Я хотел рассказать тебе о нашем Старике. Он всегда хвастался тем, что за последние десять лет совсем не учит ролей. Я, право, не знаю, в чем тут заслуга, что он этим так гордится, но нет сомнения, что он считал это замечательно искусным со своей стороны; и он дошел даже до того, что стал презирать всякого актера, который учит свои роли. Поэтому ты можешь себе представить, что было с ним, когда ему вручили шестнадцать длинных ролей, а из них, по крайней мере, одиннадцати он никогда и не видал, и потребовали, чтобы он знал их все в совершенстве к следующему вторнику. Все заметили, что он тут много не разговаривал. Он, вообще, был очень словоохотливым стариком, но, взглянув на сверток ролей, он сделался задумчивым и рассеянным и не присоединился к тому хору проклятий, которые очень энергично и вслух, и про себя повторяли остальные актеры труппы. Единственный человек, к которому он обратился, это был я: случилось так, что я стоял у двери, ведущей на сцену, в то время, когда он уходил из театра.
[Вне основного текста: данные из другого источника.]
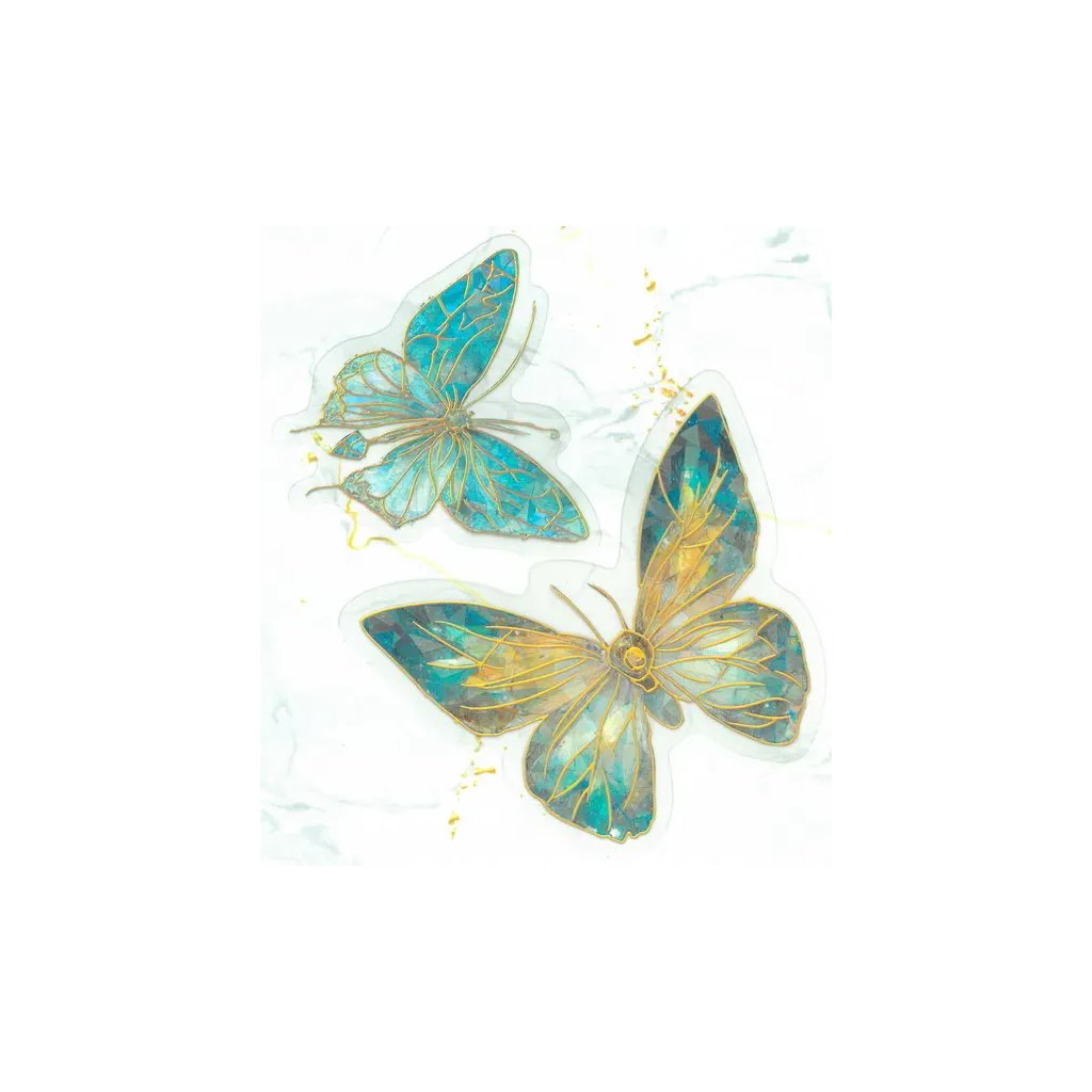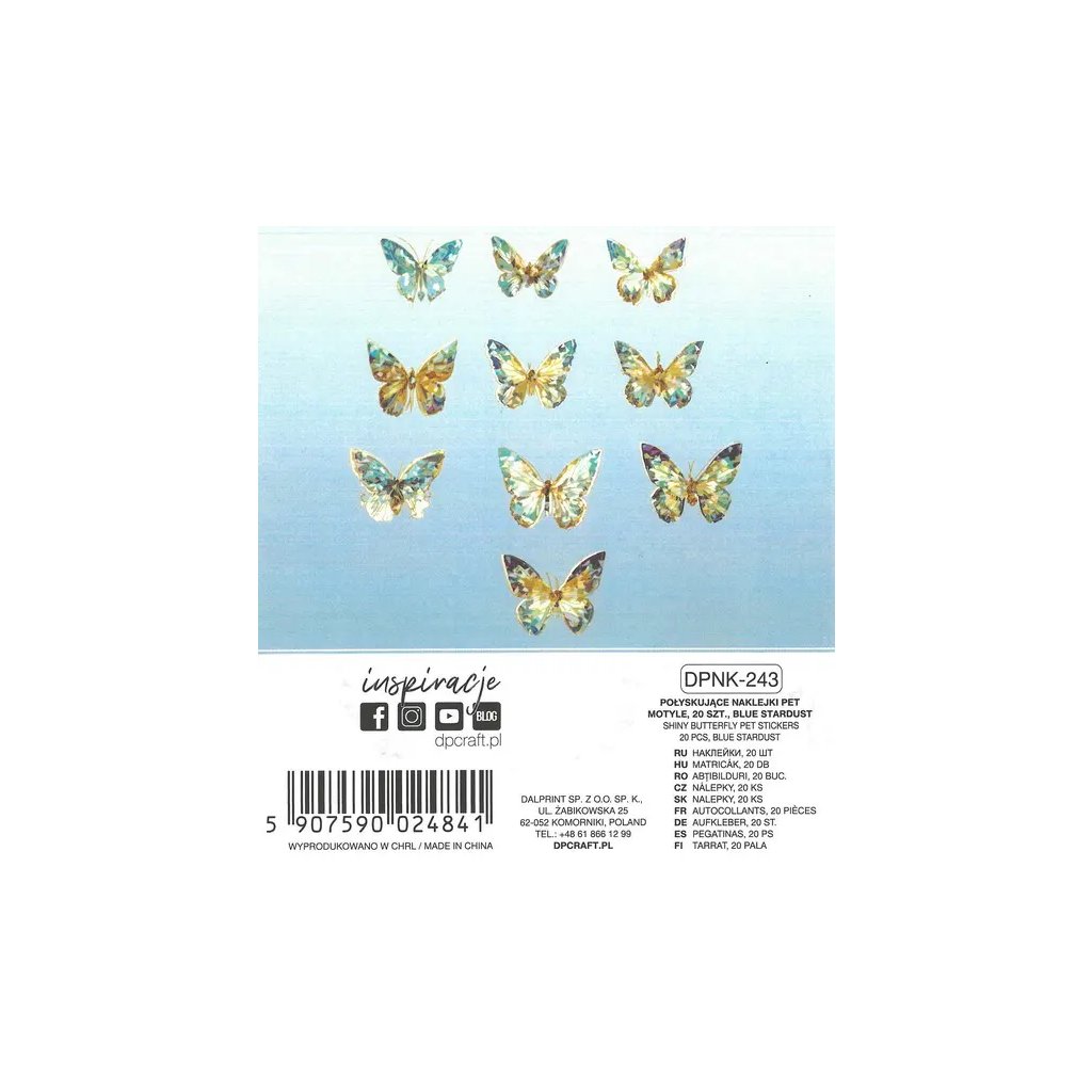 Jedná se o 20 kusů fóliových samolepek s motivem třpytivých motýlků v modré barvě. Velikost jednotlivých samolepek se pohybuje od 5 do 7 cm. Jsou ideální pro dekoraci přáníček, dárků, deníků, fotoalb a pro různé kreativní projekty.Doplňkové parametry
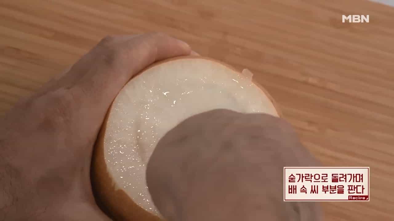 2. 배 속을 숟가락으로 돌려가며 배 속 씨 부분을 파냅니다.
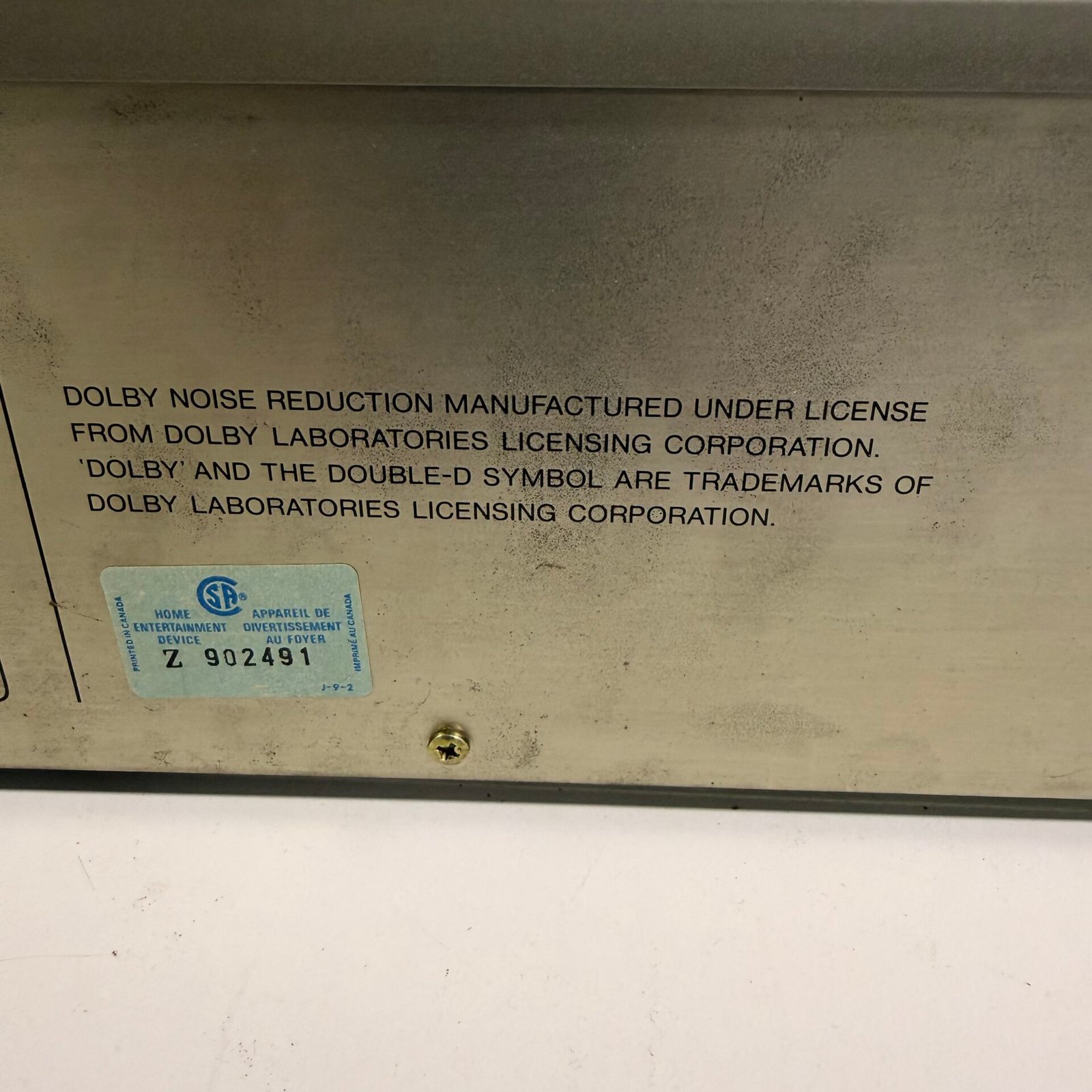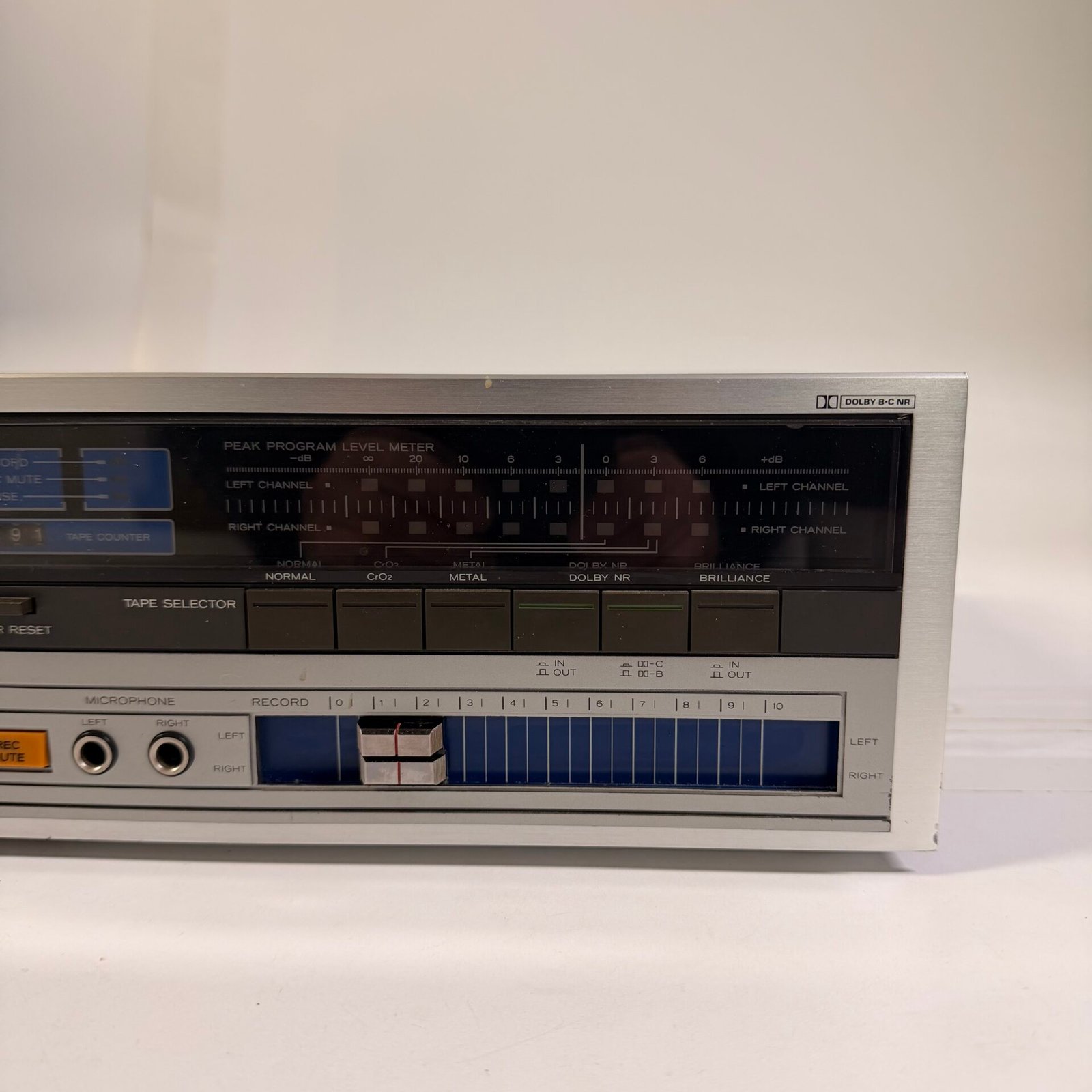 Features Dolby B/C Noise Reduction, peak level meters, microphone inputs, headphone jack, and RCA line input/output.

Он вынул сверток ролей из кармана и показал его мне. «Что, маленький сверточек, а? — сказал он. — Я сейчас пойду домой и все их выучу, — вот что я сделаю». Затем он улыбнулся — какой-то грустной, слабой улыбкой — и медленными шагами вышел на улицу.
Это было в субботу вечером, а в понедельник, в десять часов утра, мы собрались на репетицию. До одиннадцати мы репетировали без старика; затем, так как он не пришел, а присутствие его было необходимо, к нему был послан на квартиру мальчик, чтобы узнать, дома ли он. Мы прождали терпеливо и еще четверть часа, после чего мальчик вернулся.
Никто не видал старика с воскресенья.
Когда его квартирная хозяйка уходила поутру из дома, то он был у себя в комнате и просматривал «роли», а когда она вернулась вечером, то его уже не было. В его комнате было найдено адресованное на ее имя письмо, которое она дала мальчику, чтобы он отнес его в театр.
Режиссер взял это письмо и проворно развернул. Прочитав первые строки, он вздрогнул и вскрикнул от ужаса; а когда он прочел его до конца, то оно выпало у него из рук и он опустился на ближайший стул, пораженный и ошеломленный, как человек, который узнал какую-то ужасную новость, но не может хорошенько сообразить в чем дело.